(Dataset excerpt)
= = = = =

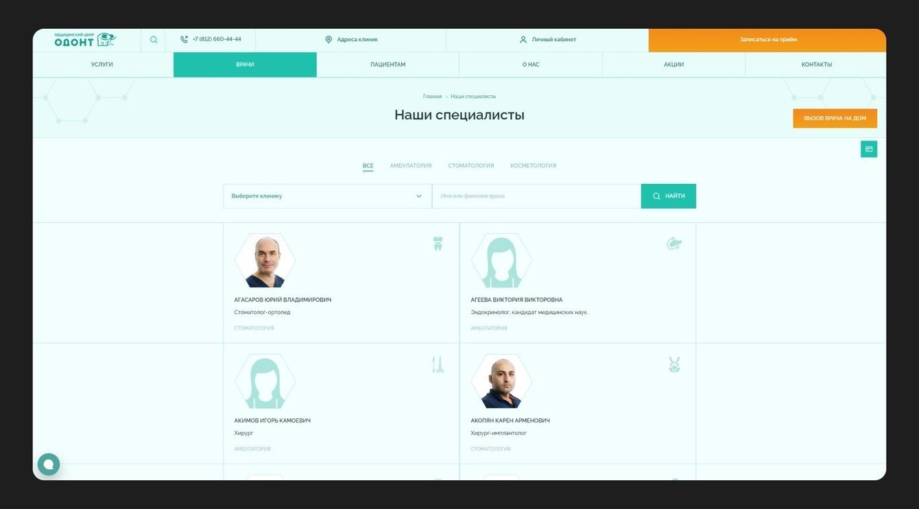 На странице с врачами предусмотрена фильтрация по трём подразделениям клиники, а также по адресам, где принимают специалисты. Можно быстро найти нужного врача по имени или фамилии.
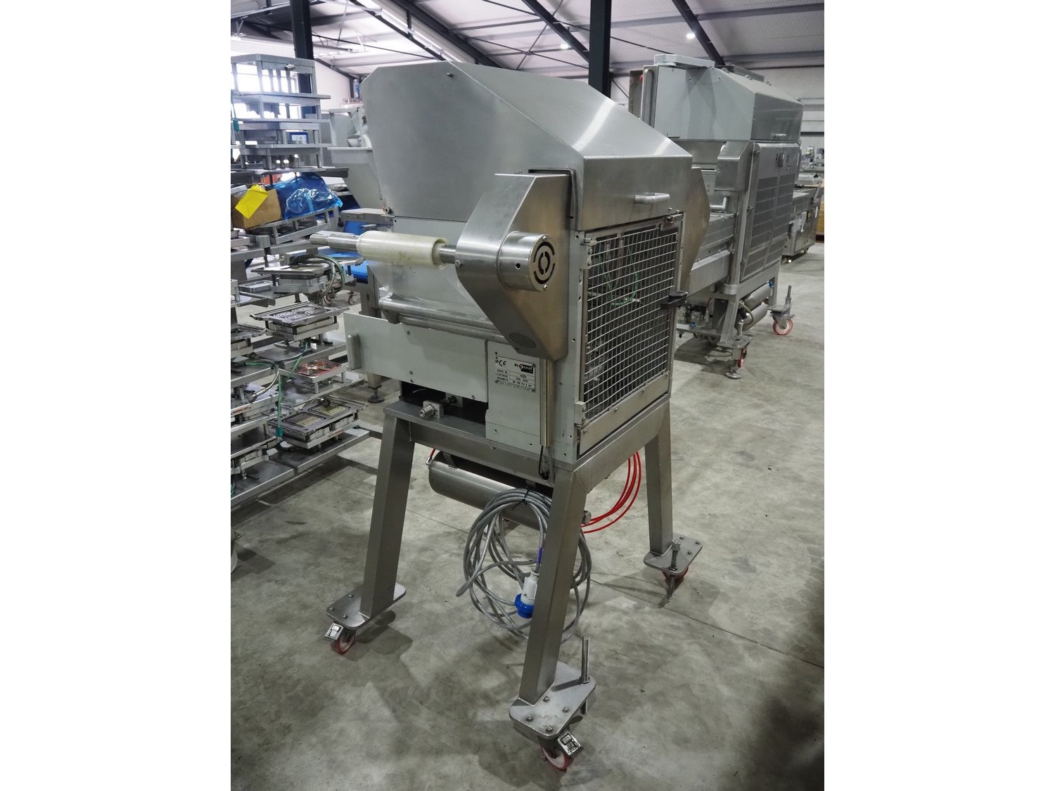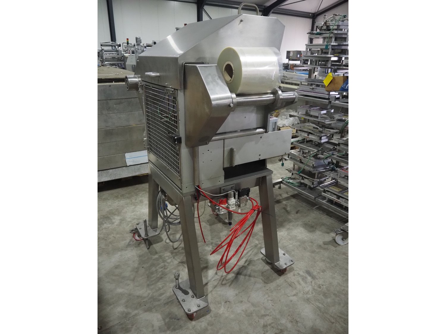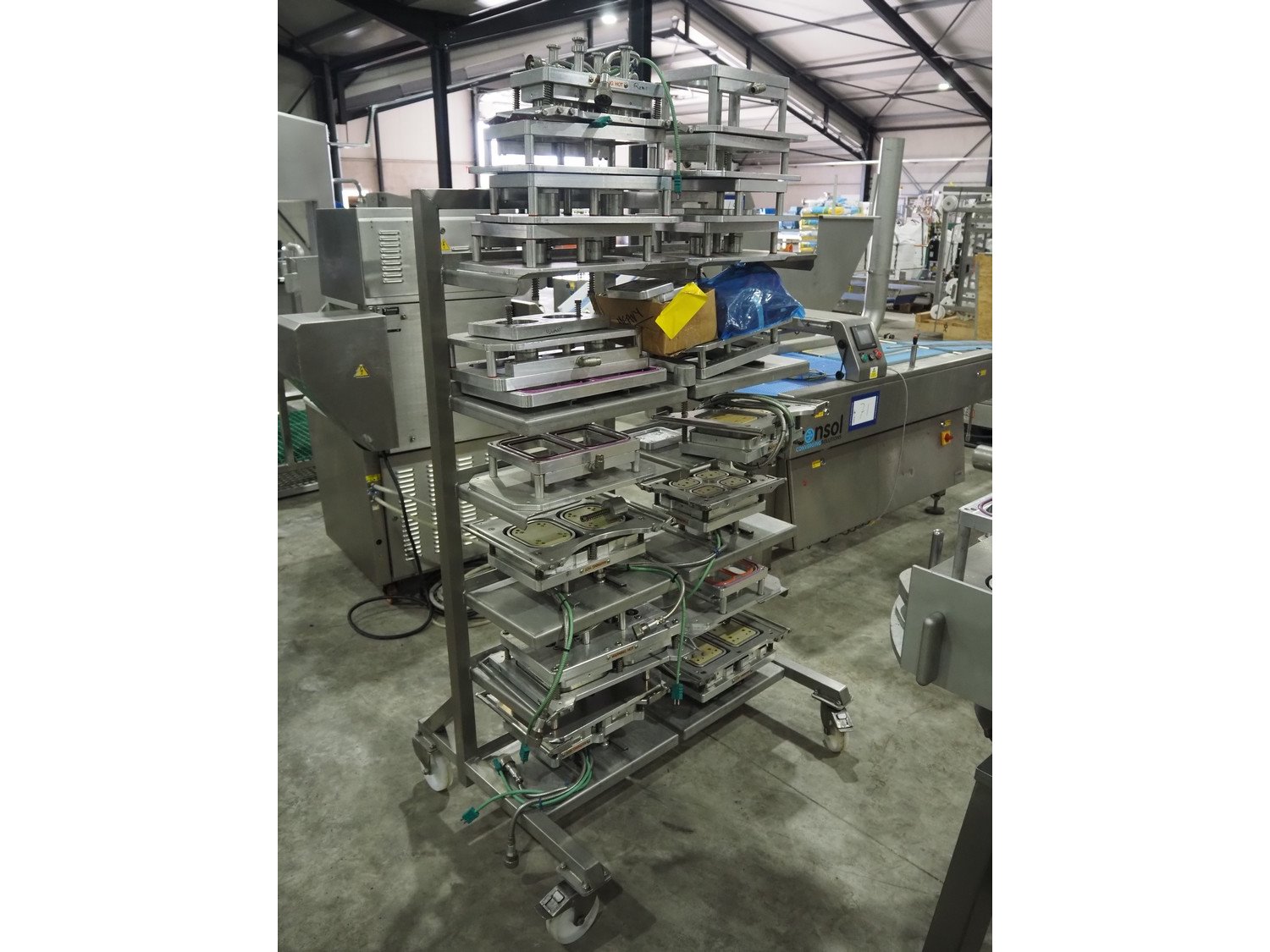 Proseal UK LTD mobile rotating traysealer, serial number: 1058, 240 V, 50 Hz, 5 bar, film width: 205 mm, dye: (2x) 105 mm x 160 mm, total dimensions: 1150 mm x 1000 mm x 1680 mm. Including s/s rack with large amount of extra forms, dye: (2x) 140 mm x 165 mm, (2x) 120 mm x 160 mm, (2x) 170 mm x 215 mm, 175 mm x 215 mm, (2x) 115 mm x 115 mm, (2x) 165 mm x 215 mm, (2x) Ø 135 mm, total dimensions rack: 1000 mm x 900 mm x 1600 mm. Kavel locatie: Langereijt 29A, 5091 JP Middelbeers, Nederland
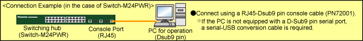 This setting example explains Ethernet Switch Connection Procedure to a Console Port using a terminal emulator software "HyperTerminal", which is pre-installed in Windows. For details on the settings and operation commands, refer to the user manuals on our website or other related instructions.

= = = = =

An exact, image-free transcript of the material is required.

(Answer box)
 На странице с врачами предусмотрена фильтрация по трём подразделениям клиники, а также по адресам, где принимают специалисты. Можно быстро найти нужного врача по имени или фамилии.
 Proseal UK LTD mobile rotating traysealer, serial number: 1058, 240 V, 50 Hz, 5 bar, film width: 205 mm, dye: (2x) 105 mm x 160 mm, total dimensions: 1150 mm x 1000 mm x 1680 mm. Including s/s rack with large amount of extra forms, dye: (2x) 140 mm x 165 mm, (2x) 120 mm x 160 mm, (2x) 170 mm x 215 mm, 175 mm x 215 mm, (2x) 115 mm x 115 mm, (2x) 165 mm x 215 mm, (2x) Ø 135 mm, total dimensions rack: 1000 mm x 900 mm x 1600 mm. Kavel locatie: Langereijt 29A, 5091 JP Middelbeers, Nederland
 This setting example explains Ethernet Switch Connection Procedure to a Console Port using a terminal emulator software "HyperTerminal", which is pre-installed in Windows. For details on the settings and operation commands, refer to the user manuals on our website or other related instructions.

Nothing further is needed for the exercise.